© 2007 Plant Management Network.
A Pasture-Based Model for Extended Drought Management, Long-Term Sustainability, and Economic Viability in the Southern High Plains
Carlos Ortega-Ochoa, Facultad de Zootecnia, Universidad Autónoma de Chihuahua, Perif. Fco R. Almada Km. 1 C.P. 31031 Admon Correos 4-28 Chihuahua, Chih., México; and Michael C. Farmer, Department of Agricultural and Applied Economics, and Carlos Villalobos, Department of Natural Resources Management, Texas Tech University, Lubbock 79409
Corresponding author: Carlos Villalobos. firstname.lastname@example.org
Ortega-Ochoa, C., Farmer, M. C., and Villalobos, C. 2007. A pasture-based model for extended drought management, long-term sustainability, and economic viability in the southern High Plains. Online. Forage and Grazinglands doi:10.1094/FG-2007-1108-01-MG.
Declines in water levels in the Ogallala aquifer will require production alternatives to irrigated agriculture on the Southern High Plains. This underscores an imperative to develop explicit drought management protocols. To meet this challenge we introduce a proof-of-concept drought management protocol for a forage-based rangeland beef production process that operates in concert with a multi-product cash crop system. Initial findings suggest the system is more profitable than dryland cotton and nearly as profitable as irrigated cotton today. The use of native rangeland and WW-B.Dahl bluestems on the range and the intensive multi-crop system with reduced irrigation are independently research-validated models. The immediate benefit of the protocol is that the integrated system withstands a protracted drought, implemented in phases to minimize disruption. The plan relies on blending native rangeland and WW-B.Dahl old world bluestem pastures on the range. Beef production integrates into the cropping system to supply nitrogen while cattle access forages. To sustain a two-year drought, our program moves animals among native rangeland, WW-B.Dahl-improved pastures, and the cropping system to sustain herd size. Incorporating WW-B.Dahl into the drought plan diversifies choices, lowers economic risks of the integrated system and encourages more ecologically sound native rangeland management.

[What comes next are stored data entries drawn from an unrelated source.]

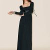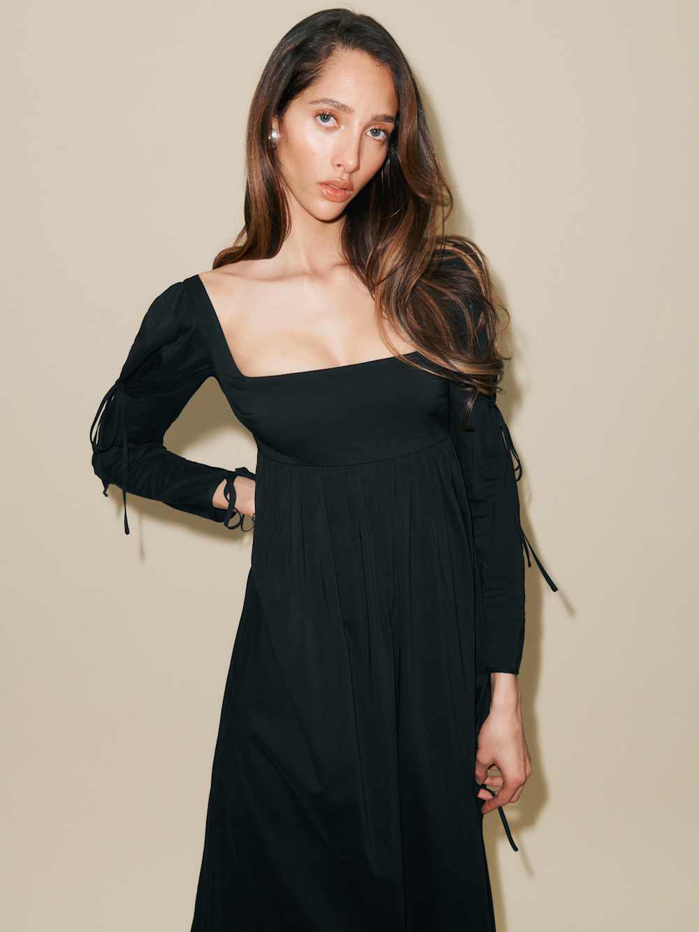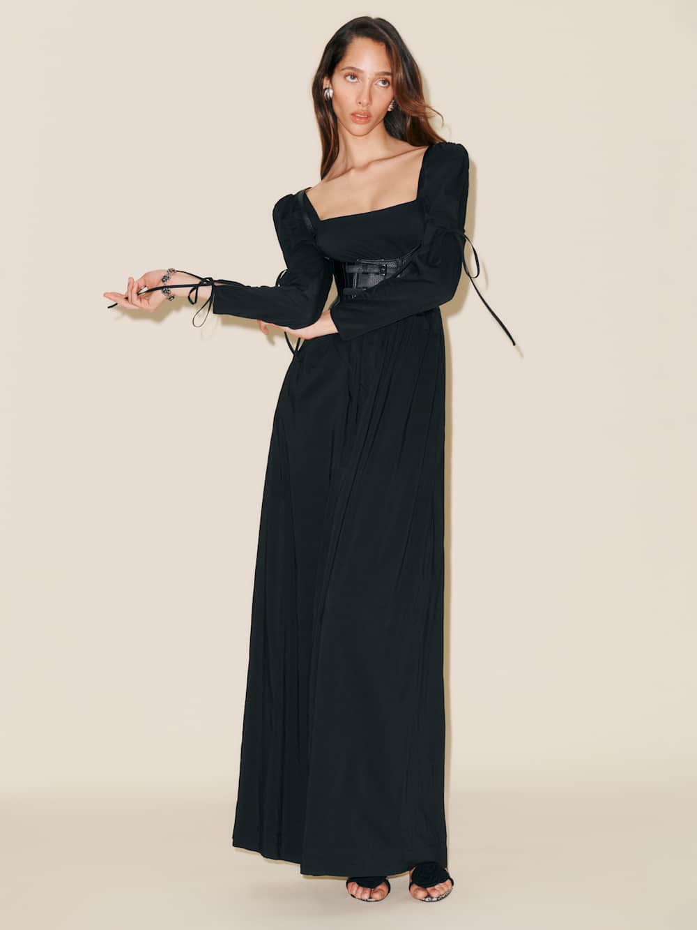 Splurge sustainably. Shop the Rhea Dress from Reformation, a full-length dress with long sleeves, a square neckline, and tie detailing along the arms.
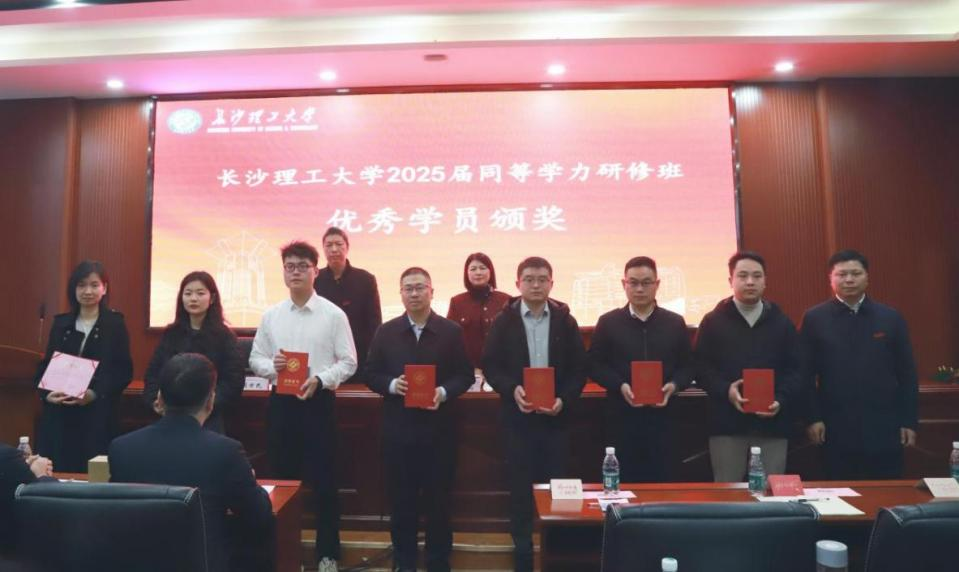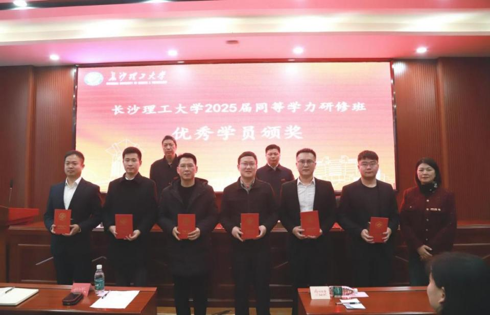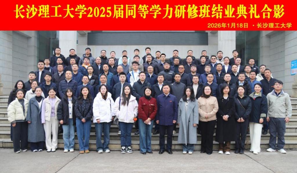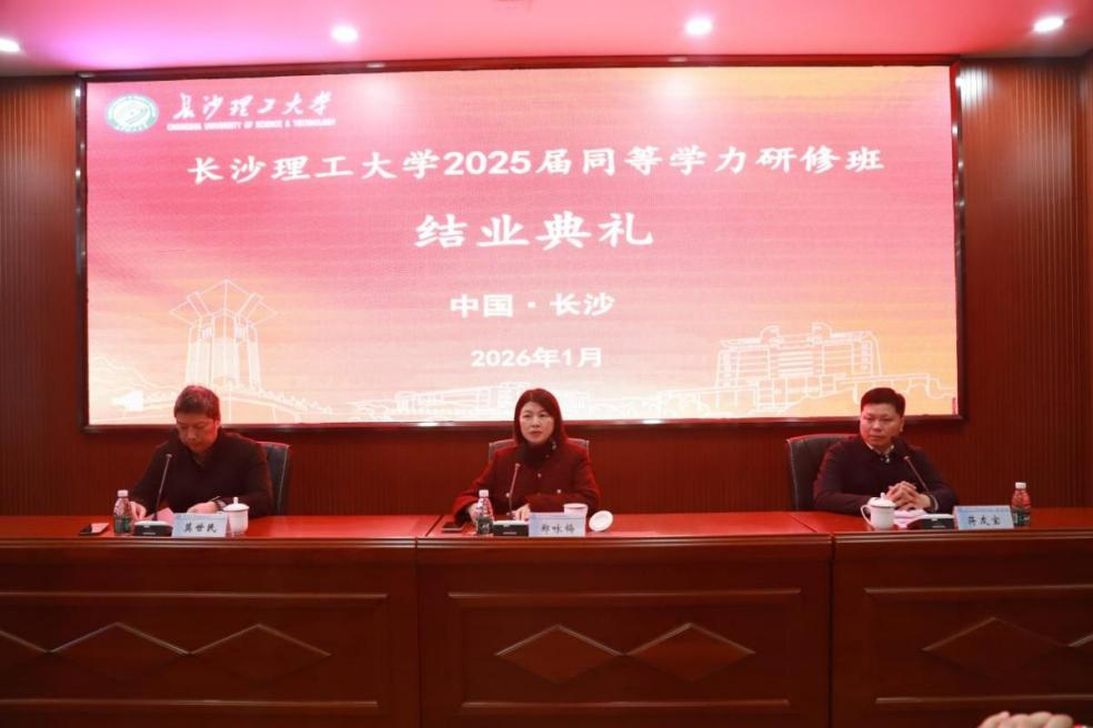 2026年1月18日上午,长沙理工大学2025届同等学力研修班结业典礼在金盆岭校区九教218举行。土木工程、设计学、统计学三个专业共119名学员顺利完成课程学习,即将进入申硕论文阶段。继续教育学院副院长郑咏梅、土木与环境工程学院副院长蒋友宝、继续教育学院培训部主任莫世民出席典礼。典礼由莫世民主持。
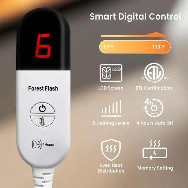 EASY LCD CONTROL Set Your Perfect Comfort Level:The upgraded LCD controller shows heat and timer settings at a glance. Choose from 6 heat levels and set the timer for up to 12 hoursso everyone in the family can find their perfect comfort zone, from gentle warmth for reading to higher heat for preheating a cold bed.
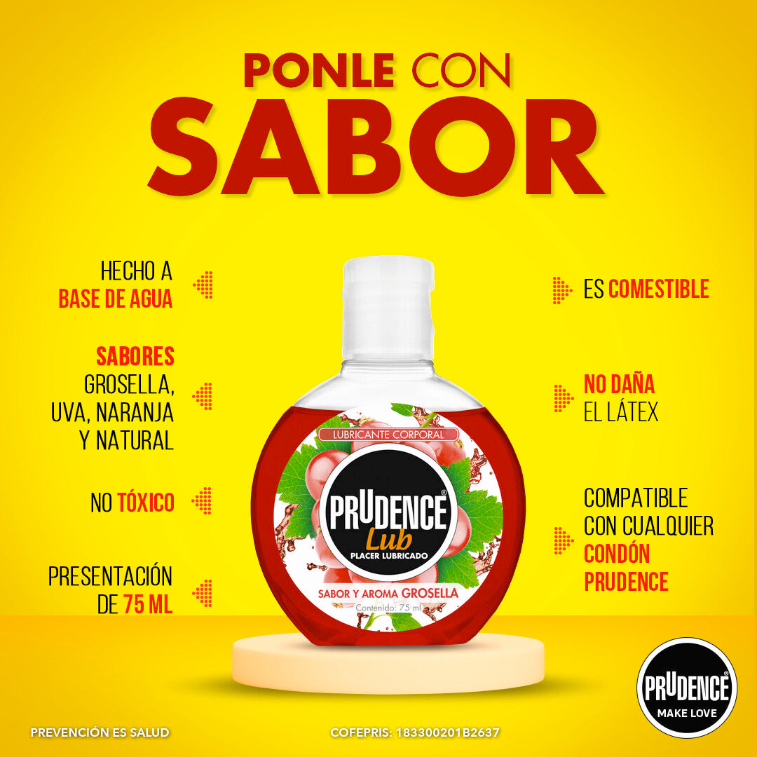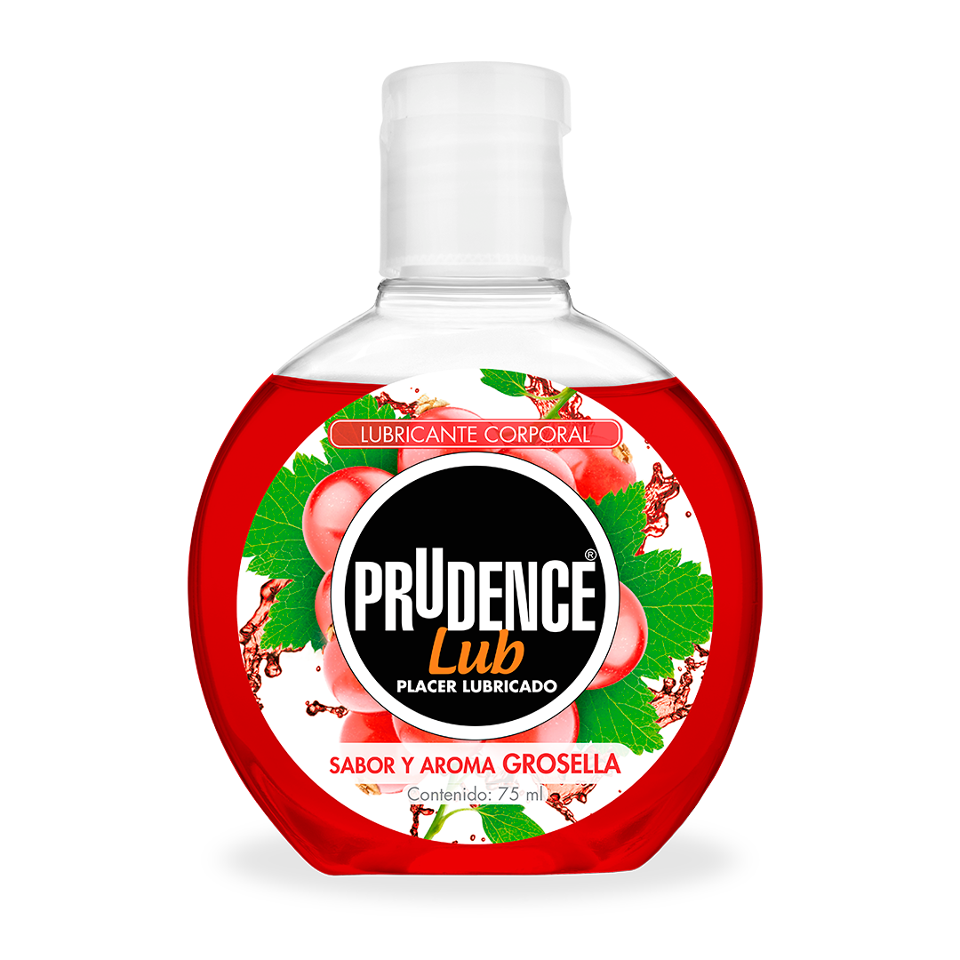 Prudence Lub Grosella: lubricante sabor y aroma grosella de 75 ml, comestible, textura ligera, base agua, libre de aceites, no tóxico, no daña el látex.
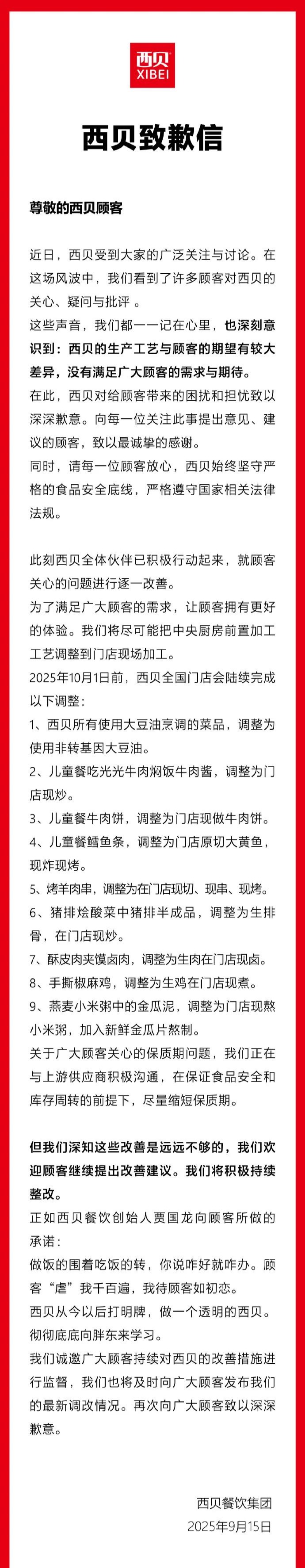 9月15日,西贝官方微博发布致歉信,称深刻意识到,西贝的生产工艺与顾客的期望有较大差异,没有满足广大顾客的需求与期待,在此,西贝对给顾客带来的困扰和担忧致以深深歉意。

The low recharge rate of the Ogallala aquifer beneath the Southern High Plains has allowed excessive groundwater pumping to deplete the aquifer to a point where more farmers now face pump lift expenditures that are becoming non-economical. New agricultural practices introduced over the last decades improve irrigation efficiencies, but they still rely strongly on irrigation itself. Pumping of the Ogallala aquifer is estimated to be three times its recharge rate (12). Ninety-five percent of water used from the aquifer is for irrigation (14). The reduced water availability and increased costs of the Southern High Plains cotton production appear to be rendering irrigated cotton production unsustainable.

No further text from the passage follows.